The Liverpool care pathway (LCP) (Ellershaw and Wilkinson, 2003) is designed to organise the last days and hours of life. This pathway challenges healthcare teams to notice when death is within days or hours. In ILD, this requires healthcare professionals to develop their clinical judgement about when this is happening. Increasing oxygen requirements, multi-professional discussions between colleagues in primary and acute care and with people and their families will all help in making this decision.

Conclusion

Managing people with ILD can be a rewarding experience for nurses. Practitioners should remember that some people do respond to treatment and accurate diagnosis can only be made with the input of a specialist radiologist and ILD team.

There are ongoing clinical trials for people with IPF throughout the UK in the hope of developing a treatment for this aggressive disease. In common with people with lung cancer, those with +IPF should be given the opportunity to enrol in these trials. Other people with suspected ILD should be given the opportunity to receive care from specialist teams to ensure appropriate treatment.

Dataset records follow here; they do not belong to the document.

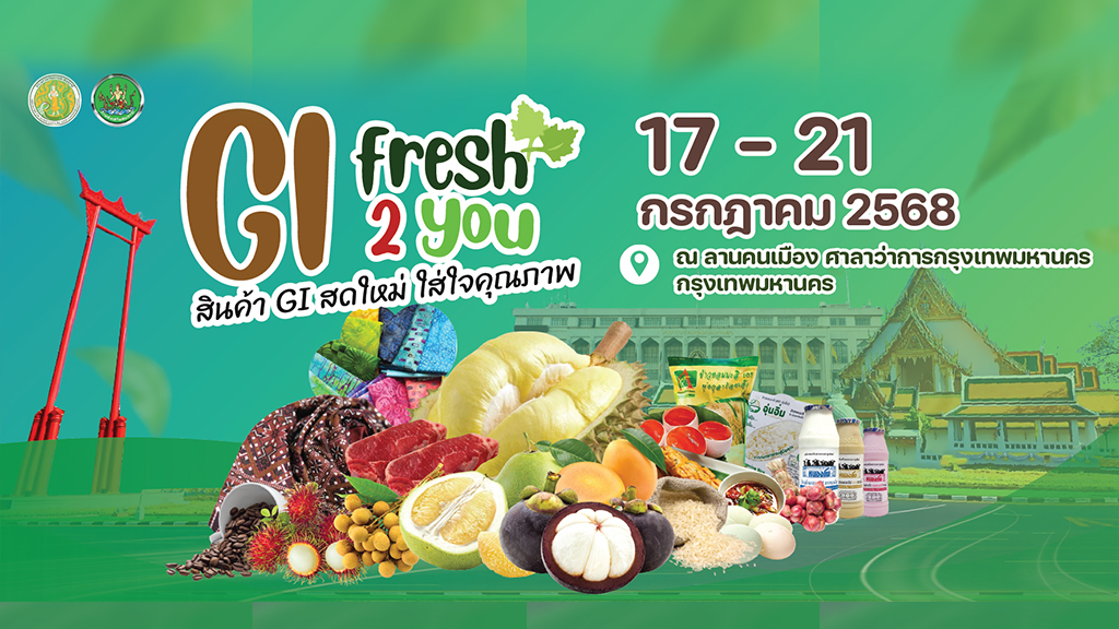 งาน GI Fresh 2 You “สินค้า GI สดใหม่ ใส่ใจคุณภาพ“ ยกขบวนสินค้าดีมีคุณภาพจากสหกรณ์มาจำหน่ายสู่ผู้บริโภค 17 – 21 ก.ค. 68 นี้ ณ ลานคนเมือง ศาลาว่าการกรุงเทพมหานคร
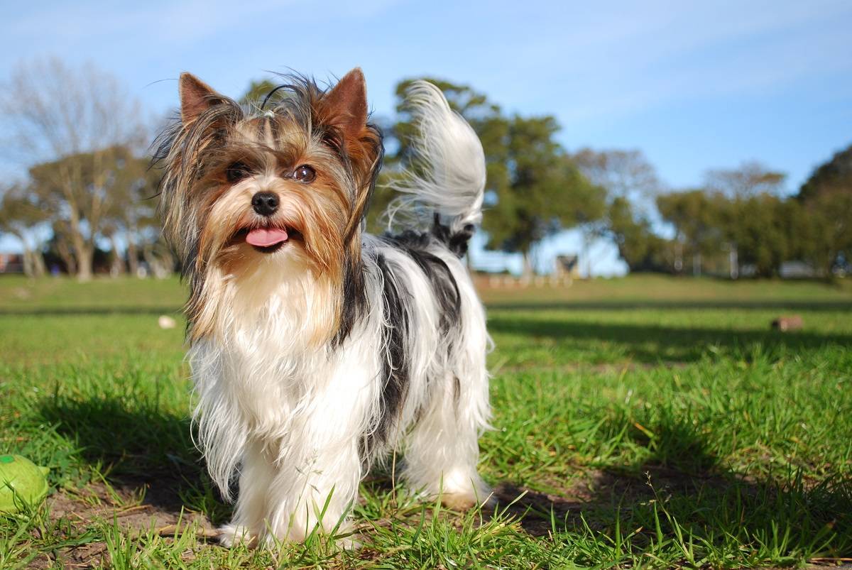 Отдельно следует упомянуть бивер йоркширских терьеров, имеющих черно-белую шерсть на корпусе и черно-бело-золотую на голове.
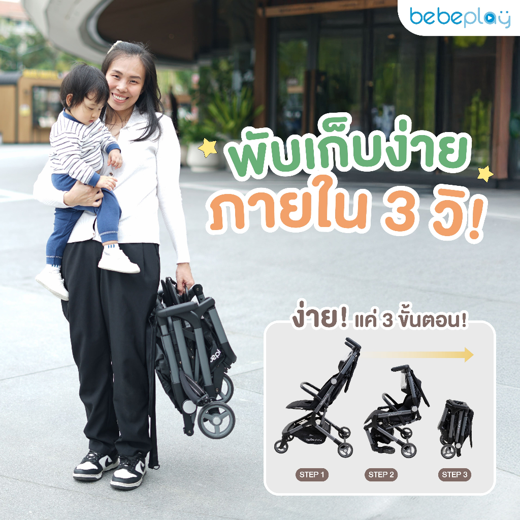 bebeplay รถเข็นเด็ก รถเข็นเด็กพกพา รถเข็นเด็กพับได้ รุ่น SNAP GO น้ำหนักเบา 4.2 Kg เด็ก 6 เดือนขึ้นไป ขึ้นเครื่องได้
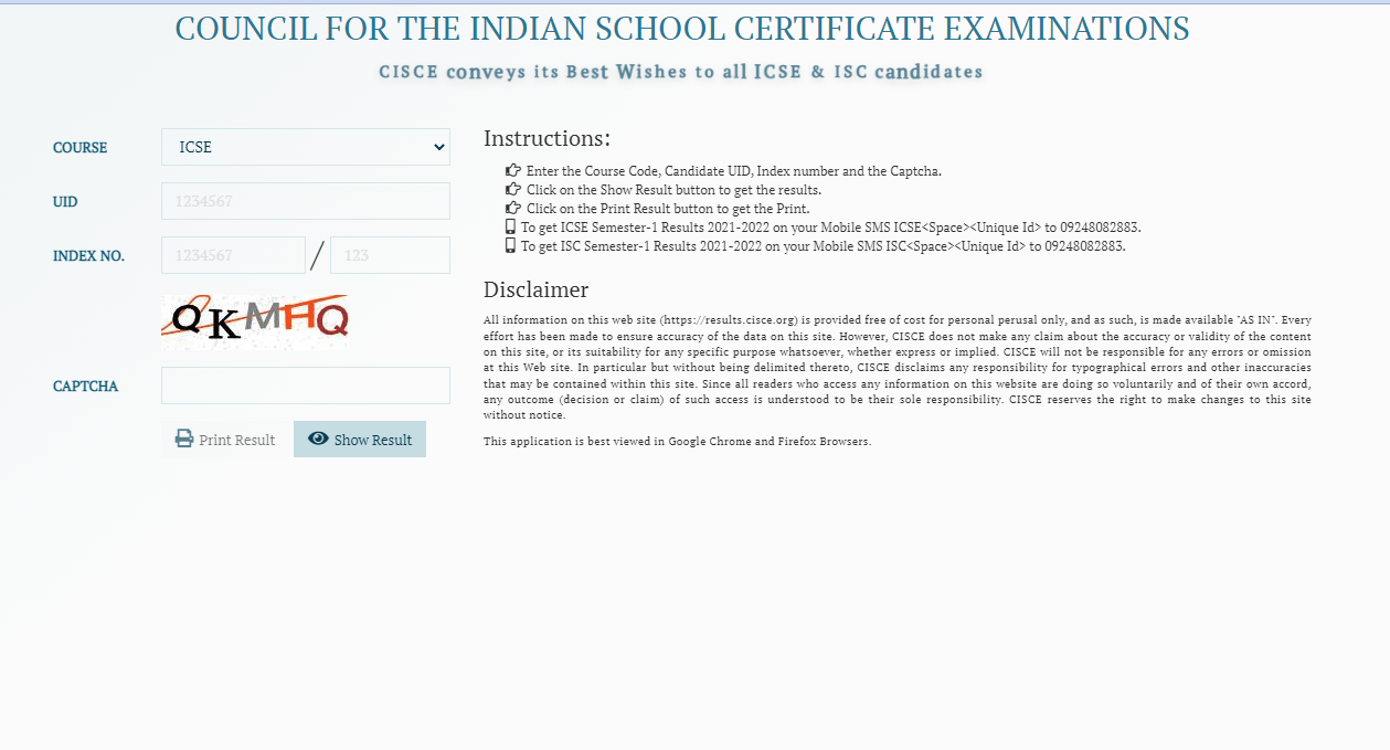CISCE Board Annual Exam Result 2022(Council for Indian School Certificate Examination)Course Name – Class X and Class XII | |||||
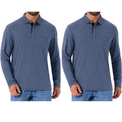 INSPIRE CHIC Men's Contrast Button Collared Pocket Long Sleeve Golf Polo T-Shirts 2 Packs
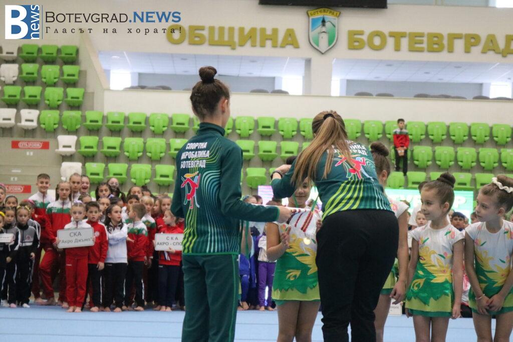 За дългогодишните усилия в работата с подрастващите в спортната акробатика кметът на общината-Иван Гавалюгов отправи специални благодарности към треньора на местния клуб-Добринка Николова.
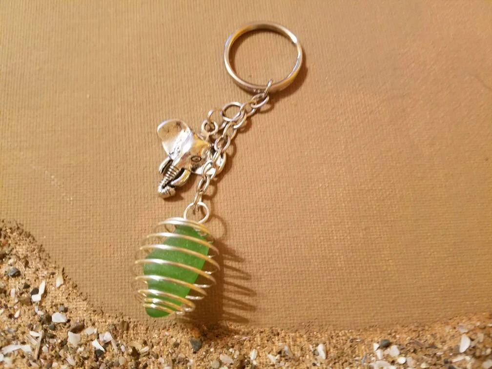 Great lakes beach glass silvertone necklace with beads and an elephant charm

Nurses in primary care need to be aware of ILD as well as COPD, when people present describing breathlessness on exertion. Early ILD is not detected on spirometry, so these people will need a chest X-ray to detect any abnormality. Hopefully current clinical trials and early and accurate diagnosis will improve management of those with ILD.

 

Box 1. Devices for oxygen delivery

High flow nasal cannula

  • It allows people to eat, sleep, talk and drink.
  • The cannula has slightly wider tubing at the base of entry into the nasal prongs than the traditional nasal cannula. This reduces airway resistance in the nasal cavity that can cause irritation, such as dryness and nose bleeds, when used at more than 4L/min.
  • The manufacturer of the high flow nasal cannula says patients find it comfortable at flow rates of 15L/min. In my experience people have tolerated 10L/min comfortably.

OxyArm device

  • This delivers oxygen via a small cup, attached to a headpiece, strategically positioned in front of the nose and mouth. The oxygen is delivered in a “plume” effect and inhaled on inspiration (Duck, 2006).
  • The device is well tolerated by people who need a flow of oxygen greater than 4L/min from a nasal cannula.
  • Maintaining adequate oxygen saturations depends on the correct positioning of the “arm” piece and flow rates should be individually titrated for the OxyArm using pulse oximetry.
  • The OxyArm is often acceptable to those reluctant to use oxygen with nasal cannula or a mask in public.
  • My team does not recommend the OxyArm for sleeping and, in my experience, it is not well tolerated by those with advanced ILD who benefit more from the Venturi oxygen mask system.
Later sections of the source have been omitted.